The underlying data set comes from a global universe covering FTSE Developed World ex-financial companies from December 1989 through September 2017, with a wide set of 80 factors, "which cover both fundamental and technical indicators stretching across 10 broader factor groups. Our indicators include many traditional quant factors and provide a picture of the company's valuation, profitability, leverage, earnings quality, historical growth and capital allocation, as well as metrics of a stock's price and earnings momentum and risk."

Lapthorne and Oikonomou add one small twist - they focus on "the tails of the data [which] often produces better results, [so] we can remove some of the noise associated with less separable observations". In terms of the Machine Learning (ML) approaches used, they opt for the three most popular:

  • Support Vector Machine1 is a supervised learning algorithm that is considered by many as the best classifier to date due to its good performance in a wide range of classification tasks.
  • Random Forest3 is an "ensemble" learning method (or meta-algorithm). In ensemble methods, multiple classifiers are trained to solve the same problem and are then combined by taking a majority vote. In Random Forest, a collection of 'decision trees' is used
  • AdaBoost4 (short for Adaptive Boosting) is the most popular boosting learning method. Like bagging, boosting is another ensemble learning method whereby the same classifier is trained multiple times. The idea of boosting is to combine a set of weak learners into a single strong classifier.

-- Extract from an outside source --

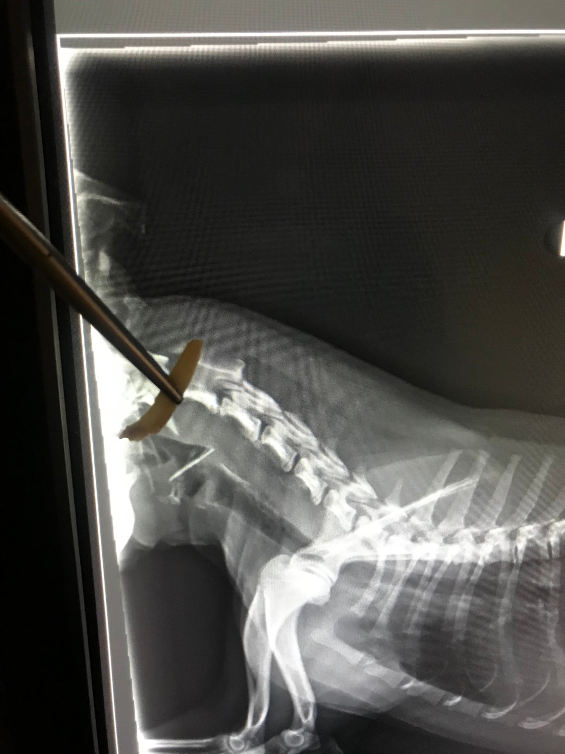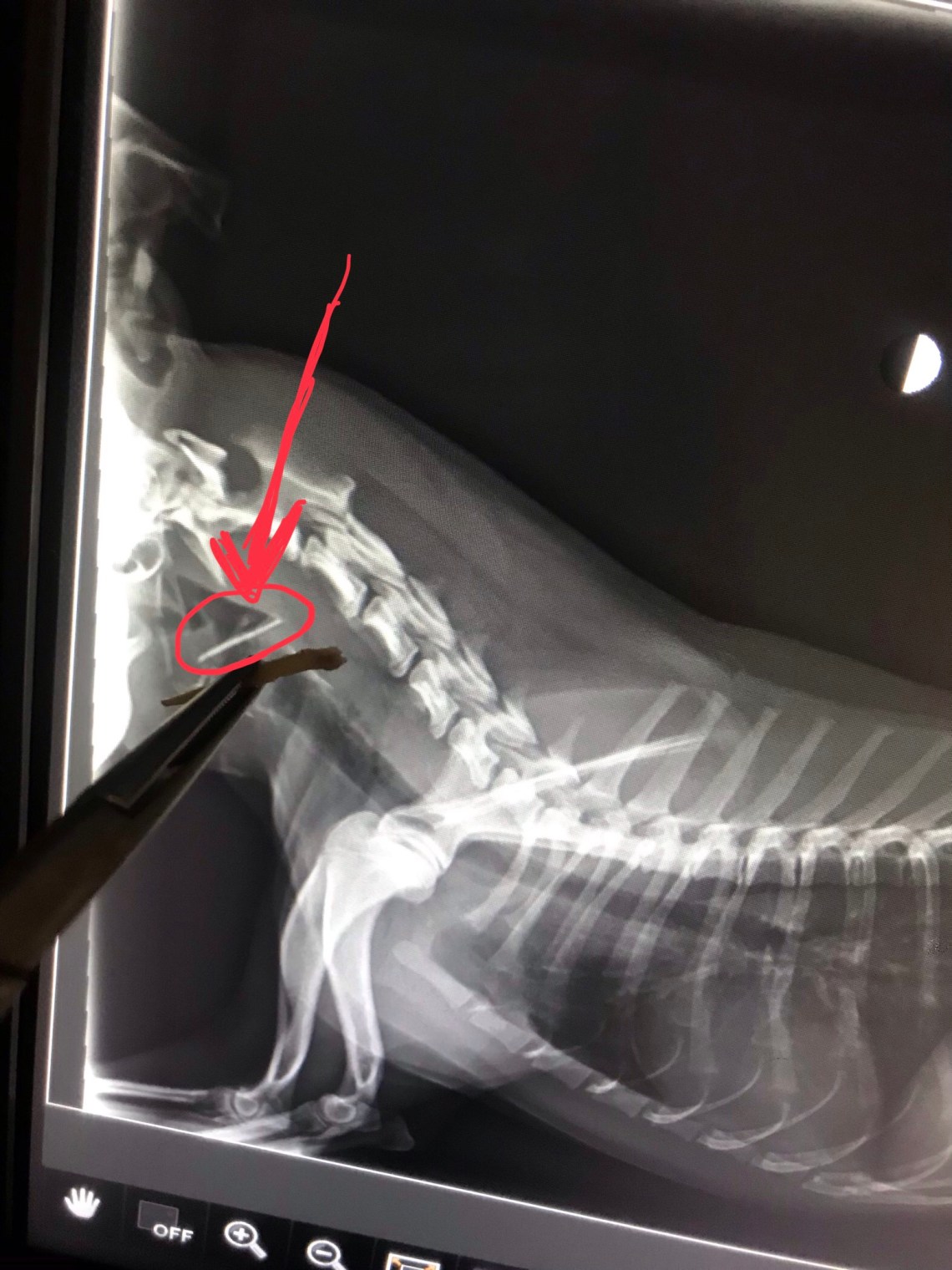 Here is a photo of a radiograph that includes the shard of chicken bone that was lodged in this dog’s throat.

The result? ML not unsurprisingly is a success. "The winner of our little performance horse race is the non-linear SVM followed by the Random Forest algorithm. The linear SVM and AdaBoost lag behind, but they too managed to beat the benchmark model. What is also interesting is the similarity in the performance profile. Despite the differences in overall return, the periods in which they had the best or worst returns are similar across the models. The algorithms might be very different in terms of how they approach classification, but they all try to answer the same question by learning from the same set of data…..Since 2008, for example, the non-linear SVM has still gained c.40% with a c.66% monthly hit rate, which is still pretty impressive. The main exception is when all models suffered during a period that saw quality stocks rallying strongly and value suffering in the first half of the year, and this trend violently reversing in the second half".

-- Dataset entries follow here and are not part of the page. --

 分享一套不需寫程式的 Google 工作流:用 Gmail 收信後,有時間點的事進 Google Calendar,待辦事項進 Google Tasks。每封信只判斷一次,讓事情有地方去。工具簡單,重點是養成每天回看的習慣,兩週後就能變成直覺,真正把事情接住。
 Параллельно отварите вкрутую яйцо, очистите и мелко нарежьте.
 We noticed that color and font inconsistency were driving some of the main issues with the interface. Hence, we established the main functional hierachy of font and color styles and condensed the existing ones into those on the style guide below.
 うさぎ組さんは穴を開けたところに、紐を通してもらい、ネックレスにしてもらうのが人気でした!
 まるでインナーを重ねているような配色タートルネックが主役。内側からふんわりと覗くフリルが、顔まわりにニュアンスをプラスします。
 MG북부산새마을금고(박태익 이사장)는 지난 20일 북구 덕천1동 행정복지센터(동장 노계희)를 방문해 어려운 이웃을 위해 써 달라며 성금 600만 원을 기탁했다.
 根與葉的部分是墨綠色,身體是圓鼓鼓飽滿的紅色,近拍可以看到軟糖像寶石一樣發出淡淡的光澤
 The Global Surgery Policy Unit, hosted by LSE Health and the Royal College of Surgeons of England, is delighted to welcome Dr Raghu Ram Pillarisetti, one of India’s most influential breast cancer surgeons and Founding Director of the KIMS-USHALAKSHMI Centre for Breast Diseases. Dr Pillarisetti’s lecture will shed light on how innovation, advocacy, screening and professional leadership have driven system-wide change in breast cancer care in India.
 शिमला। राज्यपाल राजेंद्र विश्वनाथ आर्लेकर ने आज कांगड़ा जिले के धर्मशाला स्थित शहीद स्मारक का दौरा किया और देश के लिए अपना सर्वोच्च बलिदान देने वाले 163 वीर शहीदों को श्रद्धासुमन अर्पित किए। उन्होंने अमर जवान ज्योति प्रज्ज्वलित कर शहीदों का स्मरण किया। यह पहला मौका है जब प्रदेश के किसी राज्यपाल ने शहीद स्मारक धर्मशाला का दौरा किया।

Crucially the SG analysts observe that the "performance figures reported above don't take into account any transaction costs. Given the inclusion of high turnover factors and the dynamic nature of the models, it is not surprising to see that the resulting baskets experience very high turnover….when we cap the turnover to 30%, in line with the base model, we still manage to outperform the base model."

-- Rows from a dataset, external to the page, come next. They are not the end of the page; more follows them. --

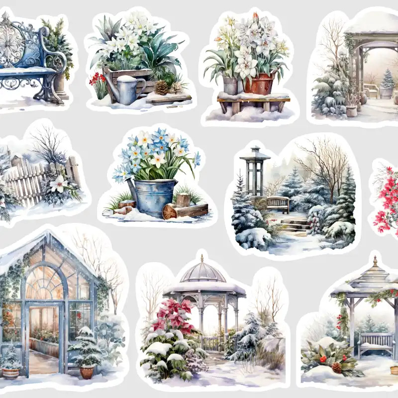 Watercolor samolepky zimní zahrady se sněhem a prvními květy. Něžná dekorace do diáře, deníku i kreativních projektů.
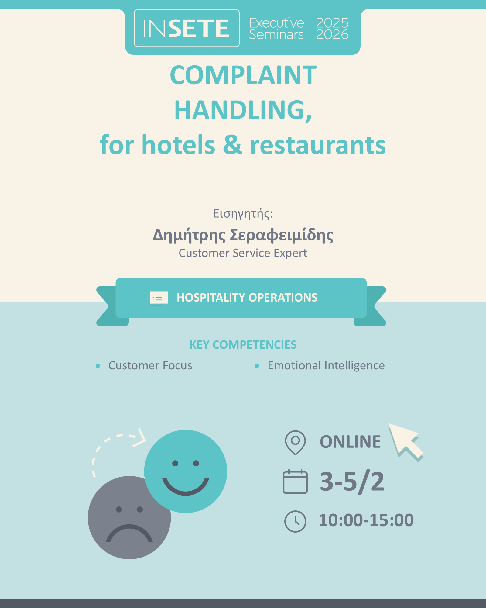 Όσοι συμμετάσχετε στο “COMPLAINT HANDLING, for Hotels and Restaurants” θα καταλάβετε γιατί και πώς θα βγαίνετε ΠΑΝΤΑ κερδισμένοι! Και εσείς προσωπικά και η επιχείρησή σας!
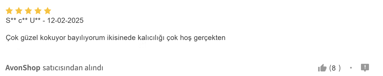 Kullanıcı yorumlarındaki olumlu geri dönüşler, kaliteli parfüm seti arayanların ne denli memnun kaldığını açıkça gösteriyor. Hafif ama kalıcı yapısıyla gün boyunca tazelik ve özgüven veren bu ürün, özel günlerde ve günlük yaşamda kendinizi şımartmanın en zarif yolu.
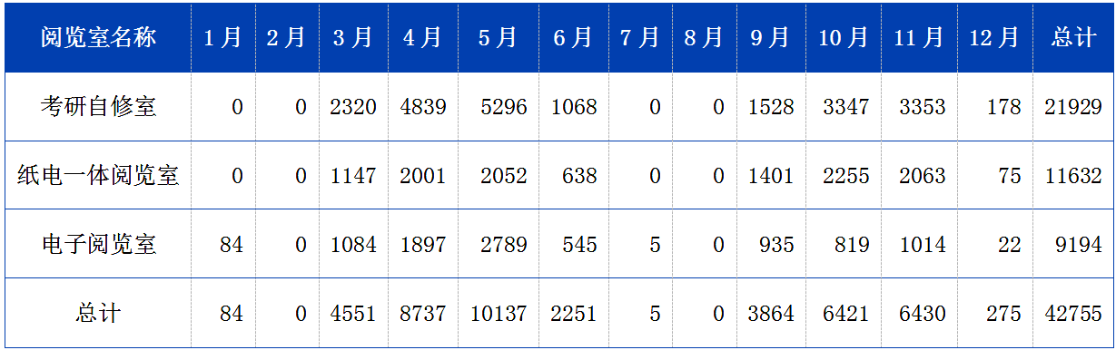 2022年6月和12月学生陆续离校,7、8月和1、2月为学生第三和第四学期。在第一和第二学期内,入馆人数呈现出逐月递增的趋势,5月入馆人数最多,超一万人次。因在校生考研、考证需求较大,特批考研自修室每天延时闭馆两小时,其入馆人数明显高于其他馆室。按疫情防控要求,图书馆严格控制每日入馆人数,并实行“一桌两人,对角入座”要求,入馆人数相对于往年下降较多。

A new world of investing emerges out of this analysis. Rather than the existing model of social investing, where we follow other great investors like us, might we see a new social investing paradigm emerge where ML inspired AIs compete for attention to build a better index? Could we even take this all one step further and integrate both my alternative models - collaborative networks of investors and activists work together using AI to build open source indices where the machines do the really smart data analysis and we the humans set the normative goals?